§ Prompt:
Only the lines from the start of the data to the line containing "Italy, Papal States.", both included, should be output, exactly and without pictures.

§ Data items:
★ ★ ★ ★

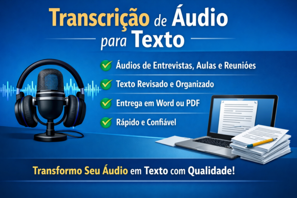 Envie seu áudio e transformo em texto com rapidez e qualidade.
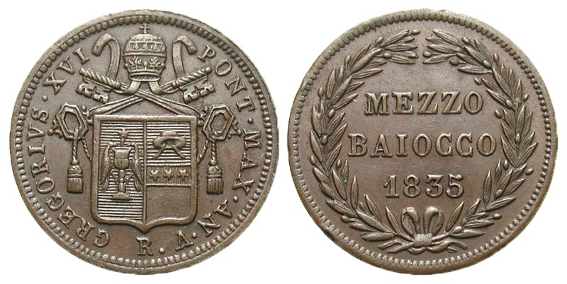 Italy, Papal States. Gregory XVI. 1831-1846. Æ half baicco (23.5 mm, 5.44 g, 12 h). Rare. ·GREGORIVS· XVI· PONT· MAX· AN·V R, Papal coat of arms / MEZZO BAIOCCO, 1835, within olive wreath. KM 1319; Berman 3292; CNI 80. EF.
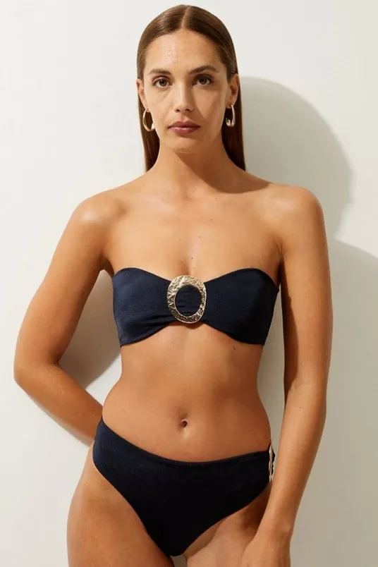 Simple poolside glamour comes guaranteed with this classic bikini top with a bandeau cut and front ring detailing. Pair this piece with the matching bikini bottom for an elegant beach moment.Bikini topBandeau styleRing detailDetails & Care82% Polyamide 18% Polyester. Wash at 30. Model wears UK Small.
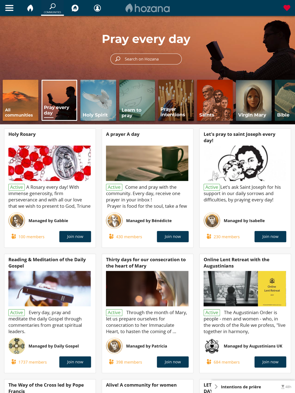 Discover hundreds of prayer communities around various spiritual themes on the Hozana app. Let us help you grow your prayer life every day of the year!
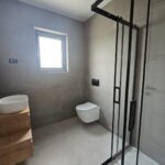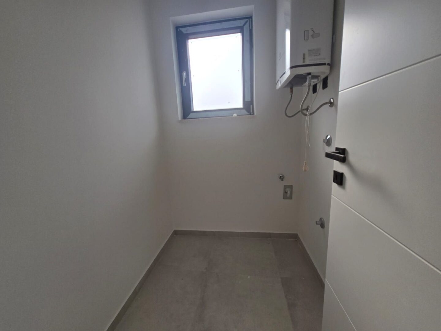Die Wohnung besteht aus einem Flur, einem Badezimmer, einer Küche, einem Wohnzimmer, zwei Schlafzimmern und einer überdachten Terrasse. Die Gesamtgrundfläche der Wohnung beträgt 76,30 m2. Zur Wohnung gehören auch 2 Parkplätze, und sie wird im Dezember 2025 bezugsfertig sein.
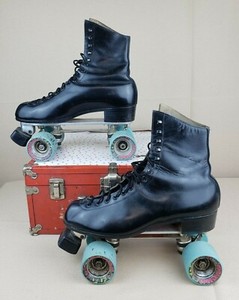 Vintage Chicago Black Roller Skates Blue Speedhead Wheels Men's Sz 8 w Red Case
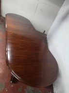 This large banquet/extending dining table exudes vintage charm and elegance. With its large scale and extendable design with 5 leaves it offers ample seating for family and friends to enjoy meals. The rich mahogany wood adds a touch of sophistication, while the intricate craftsmanship and historical significance make it a valuable addition to any antique furniture collection. The table can be extended to different lengths with a maximum of 13 feet.
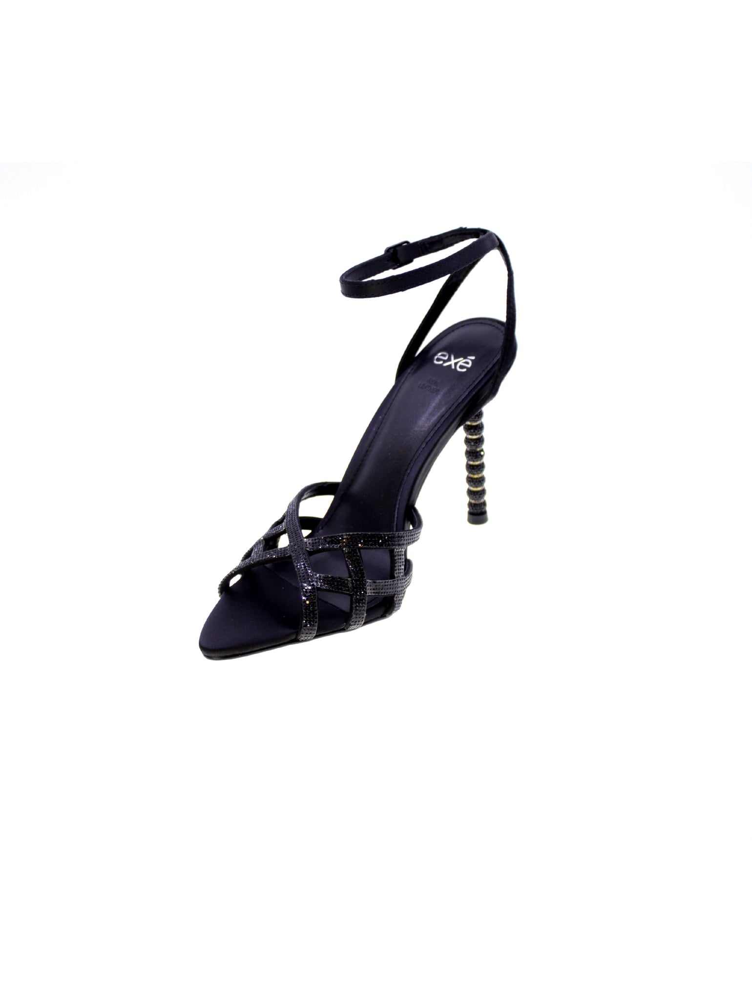 Exe Sandalo Mignon Raso Tacco 100 Strass Donna Nero Joy/959
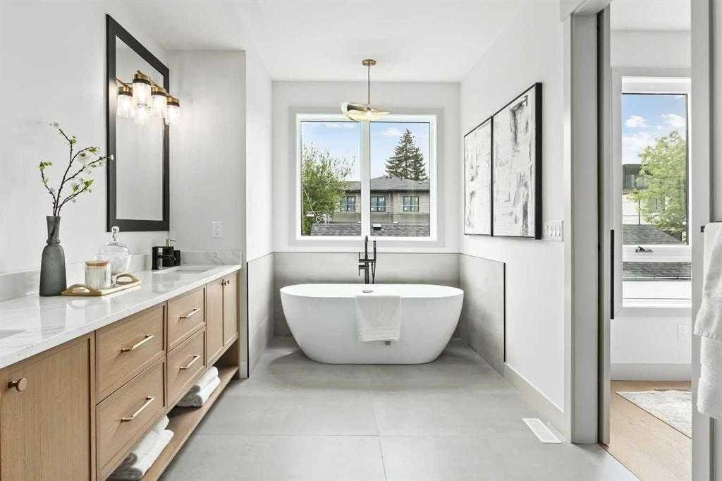 Set on a quiet cul-de-sac in WEST HILLHURST, this GORGEOUS NEW BUILD 3 STOREY DUPLEX delivers modern design, functional living and thoughtful detail in one of Calgary’s most established inner-city communities. A SOUTH BACKYARD enhances natural light and outdoor enjoyment. The main floor is designed for everyday ease and entertaining, with an open layout that flows naturally between the living room, dining area and kitchen. A FIREPLACE anchors the living space, creating warmth and visual interest, while HARDWOOD FLOORING provides durability and timeless appeal. The kitchen is thoughtfully planned with generous prep space, modern cabinetry and a layout that supports both daily routines and hosting. On the second level, well-proportioned bedrooms are complemented by a primary bedroom featuring a PRIVATE ENSUITE with a DOUBLE VANITY, offering comfort, functionality and a sense of retreat. The THIRD STOREY is a standout feature, offering a flexible retreat ideal for entertaining, working or hosting guests. This level includes a PRIVATE BEDROOM well suited for overnight visitors or a quiet HOME OFFICE, enhanced by separation from the main sleeping areas below. A WET BAR supports relaxed evenings and casual gatherings, while access to TWO DECKS with both NORTH AND SOUTH EXPOSURE allows for sunlight throughout the day, outdoor breaks between meetings or private lounging above the surrounding streetscape. The basement is developed to extend living space, offering flexibility for a media room, home gym or guest area, with finishes consistent with the quality found throughout the home. The EXTERIOR showcases a striking combination of BRICK and COMPOSIT ELEMENTS, delivering a modern aesthetic with lasting durability. LANDSCAPING is planned per the approved site design, with concrete walkways and defined outdoor spaces in place. Parking is accommodated by a DOUBLE DETACHED GARAGE accessed from the rear lane, providing secure, weather-protected parking and additional storage. WEST HILLHURST is prized for its walkability, mature tree-lined streets and strong community feel, with easy access to river pathways, parks, local shops and everyday amenities. Proximity to downtown, major routes and nearby neighbourhood favourites makes this location especially appealing for those seeking inner-city living without sacrificing comfort, privacy or connection to green space.
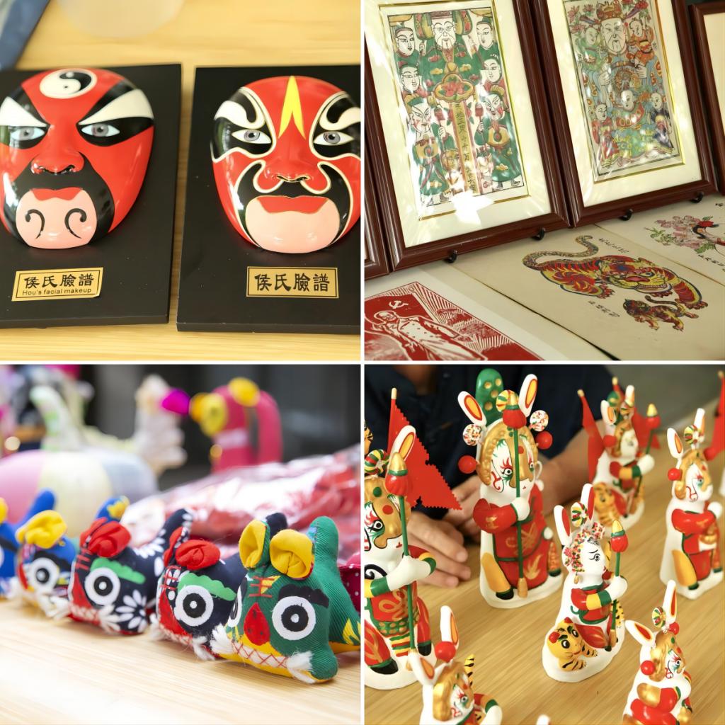 活动现场,琳琅满目的手工艺品展现了学生和非遗传承人无限的创意与才华,从绚丽多彩的非遗漆扇到惟妙惟肖的传统非遗剪纸、从走线精巧的传统布艺手作到创意毛绒钩织玩偶、从小巧玲珑的瓷器到别出心裁的种子卡片,从精致的手作饰品到专业的特色文创,每一件作品都凝集着创作者的心血与热情,吸引了众多师生的目光。集市现场还设有非遗技艺体验,同学们可以体验脸谱绘制、木版年画拓印、面塑制作等,感受传统非遗文化的魅力。
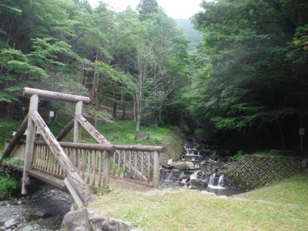 - 葛葉の泉(45分)横向ノ滝(15分)板立の滝(15分)大平橋(35分)富士形の滝(30分)つるつるの一枚岩滝(25分)三ノ塔(5分)ニノ塔(65分)葛葉の泉

★ ★ ★ ★

§ Result:
 Envie seu áudio e transformo em texto com rapidez e qualidade.
 Italy, Papal States. Gregory XVI. 1831-1846. Æ half baicco (23.5 mm, 5.44 g, 12 h). Rare. ·GREGORIVS· XVI· PONT· MAX· AN·V R, Papal coat of arms / MEZZO BAIOCCO, 1835, within olive wreath. KM 1319; Berman 3292; CNI 80. EF.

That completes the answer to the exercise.